The first-year beds we dug weren’t as fantastic as Akiva Silver’s. He can pull out weeds with big tap roots by hand. Indeed, this is an experience that I can confirm from my nuclear family’s mulched flower beds. (Laurelin and I didn’t grow up with the idea that ecological horticultural principles can also be applied to (commercial) crop production.) But, I like to think that the beds were exactly the right depth and the right breadth for this first-year experiment. Perhaps even more importantly: the tree beds are in the right place: in the middle of the Portugese property where the trees will have to grow, not all the way across the Atlantic, in New York.
Small-scale. Biome-specific.
Akiva grows his tree in a pretty cold climate. The winters in upstate New York (USA) are long, the growing season short. There’s around-the-year precipitation. Central Portugal is much dryer. Last summer’s hot drought extended into the end of November, and many of the Iberian Eucalyptus forests burned down in massive June and October forest fires. A chestnut genotype that does well in cold, wet Spencer, NY is likely a different genotype from one that does well in Portugal.
Spencer, NY, USA | Ponte de Pedra, PRT | |
---|---|---|
Elevation: | 389m | 330m |
Inclination: | sloped | sloped |
Annual precipation: | “a lot” | 400–1200mm |
Rain frequency: | “at least weakly” | very dry summers |
Growing season: | May–September | March–November |
Min. temparature: | -15°C | -5°C |
Max. temparature: | …°C | 40+°C |
Mean temparature: | …°C | 8–24°C |
As a total chestnut fanatic, Akiva has the remarkable luck of living at the same road as somebody who has spent 40+ years selecting chestnut variates from around the world for blight and cold resistance.
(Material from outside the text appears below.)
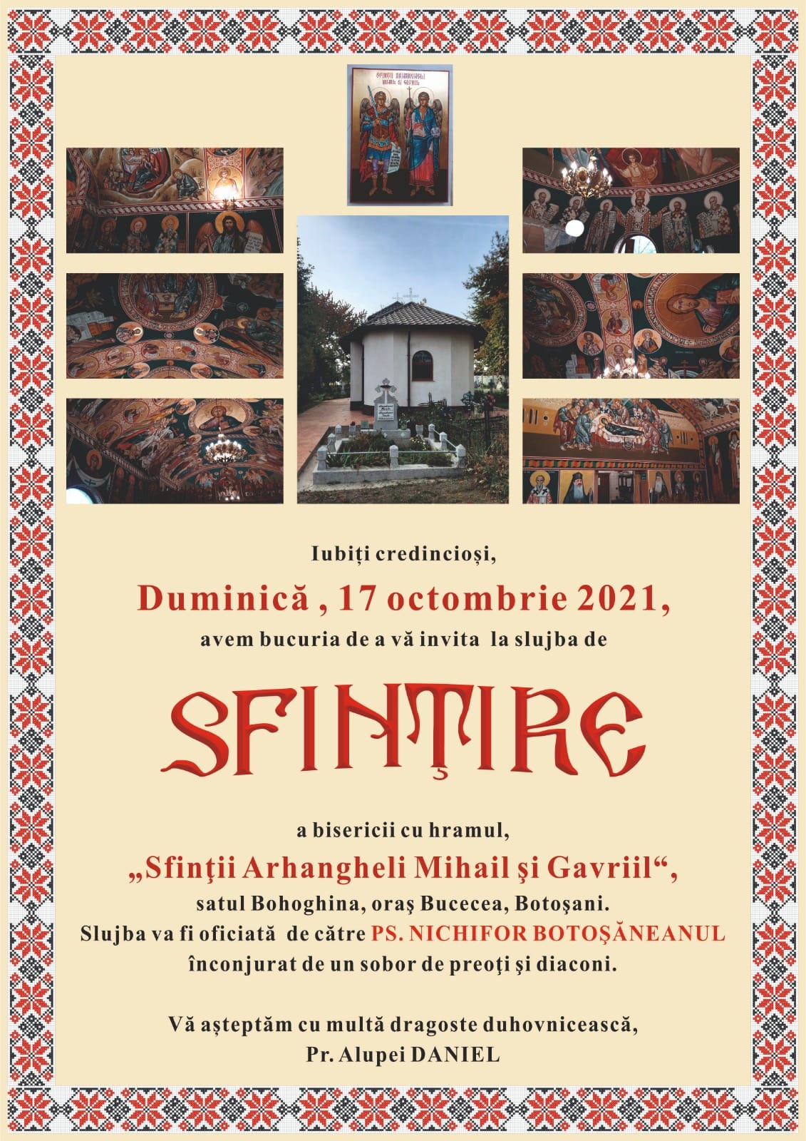 Biserica Sf. Arhangheli Mihail și Gavril din satul Bohoghina din Bucecea va fi sfințită, iar credincioșii vor putea trece prin Sfântul Altar.
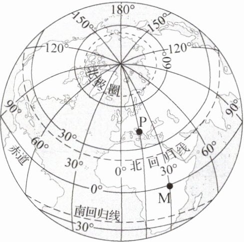 1.D 2.D 解析 第1题,读图可知,意大利某城市(P点)经度为15°E。第2题,P点的纬度约为45°N,位于北温带,无阳光垂直照射。0°—30°为低纬度地区,30°—60°为中纬度地区,60°—90°为高纬度地区;P点的纬度约为45°N,位于中纬度地区。读图可知,M点大致位于(0°,30°E)。根据地球自西向东旋转,M点日出时间早于P点。

The chestnuts in Nils’ tree nursery all come from the local market in Cernache do Bonhardim and the acorns were gathered in various local forests. That’s plenty of biome-specificity for now. Then, when later this month (March, 2018), we will be clearing the charred (but already regenerating) Eucalyptus trees from their hillside, there will be plenty of space to experiment with and select for which varieties of chestnut, oak, walnut, hazelnut, and almond do best in a dry, warm environment. And last, but not least, there will be tons of delicious-smelling Eucalyptus wood chips with which the nursery’s bed can be made so much looser and softer.